I read somewhere recently that it takes eight weeks of consistent effort in the food and fitness departments to see results. Well, I just finished week 3 of Beta and week 8 of the overall program, and I would have to agree. While my body looks the same to me, I feel a whole lot stronger. I am no longer taking breaks during workouts, and I am also not totally winded afterwards. And for the first time ever, I feel like I actually have core muscles (although it may take some time for them to be more visible!).
Overall, I am happy with what Focus T25 has helped me accomplish in a relatively short period of time. Only two more weeks to go!
Here’s what week 3 of Beta looked like for me:
Monday – Core Cardio
Tuesday – Upper Focus + 2 mile interval run
Wednesday – REST!
Thursday – Rip’t Circuit
Friday – Dynamic Core + Speed 2.0
Saturday – 3.5 mile run
Sunday – 2 mile walk with Robin and Guinness
*For a more detailed explanation of what each workout entails, please read my week one Beta post.
Like I said earlier, results generally come with consistent effort.

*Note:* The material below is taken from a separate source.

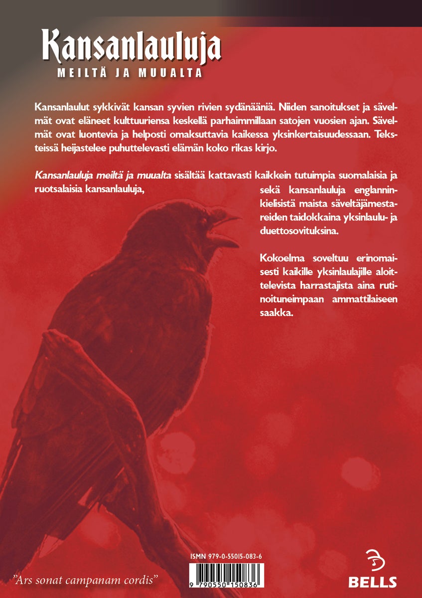Familiar and easy-to-learn melodies provide also a great help for beginning singers. The fine arrangements support the singing voice without losing their personalities and uniqueness. Kansanlauluja meiltä ja muualta is a great collection for any singer and suits well in any situation.

But let’s be real. Consistent effort is a pain in the ass sometimes. We all have days where we don’t want to eat healthy foods and we don’t want to exercise. And to be honest, when I have these days, I sometimes give in…I’m a big believer in moderation!
However, because my health is important to me, I try to stay on top of my food and fitness as much as possible.

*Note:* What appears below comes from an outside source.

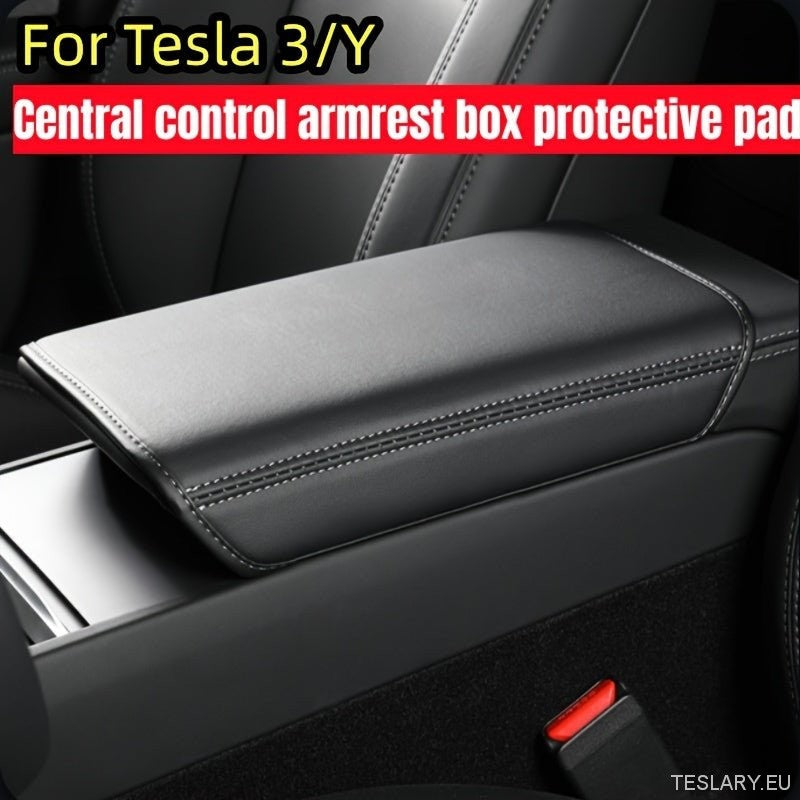 Premium PU Leather Armrest Box Protector Pad for Tesla Model 3/Y - Central Console Protection, Fit, Durable & Stylish Interior Upgrade

Here are some of the little things I do to keep those “don’t want to” days to a minimum:
- Meal plan and food prep (on the weekends). This has undoubtedly made the biggest difference in terms of how well we eat during the week.
- Experiment in the kitchen. I am always on the lookout for new recipes to try. Even though most of what I make at home has some kind of healthy twist to it, the constantly changing menu keeps boredom at bay.
- Buy a few new pieces of workout gear. I recently bought me some new sports bras, and as silly as it sounds, knowing that I get to wear something new and pretty makes me happy and gets me out of bed!
- Set yourself up for success.I am a morning exerciser through and through. It’s not always easy but ensuring that everything is in one place ready for me to grab and go makes the whole process easier and saves me a time. The same idea applies for those who work out after work/in the evenings.
- Think about the why. I’ve talked about my why in a number of different posts, and I think this is honestly the key to being consistent. If your why is powerful enough, it will trump any excuse you could possibly come up with (on most days!).
How do you stay on track and keep the “don’t want to” days to a minimum?
And just in case you’re interested in my weekly recaps…
Alpha Week 1
Alpha Week 2
Alpha Week 3
Alpha Week 4
Alpha Week 5
Beta Week 1
Beta Week 2
Great tips, P! Another one to add to the list is keeping your home stocked with healthy options. It sounds so simple yet it is so effective: the more options I have on hand, the more likely I am to make healthy choices. Scheduling in my workouts also ensure I get them done- I refuse to let the “I don’t have time” become an excuse for me!
Yes to all of this, esp scheduling workouts! I am so much more motivated when I know what’s coming. Thanks, K!
New workout gear totally works for me, too!!! 🙂
Liz @ I Heart Vegetables recently posted…Rosemary Roasted Almonds
It’s a little silly but whatever works, right?!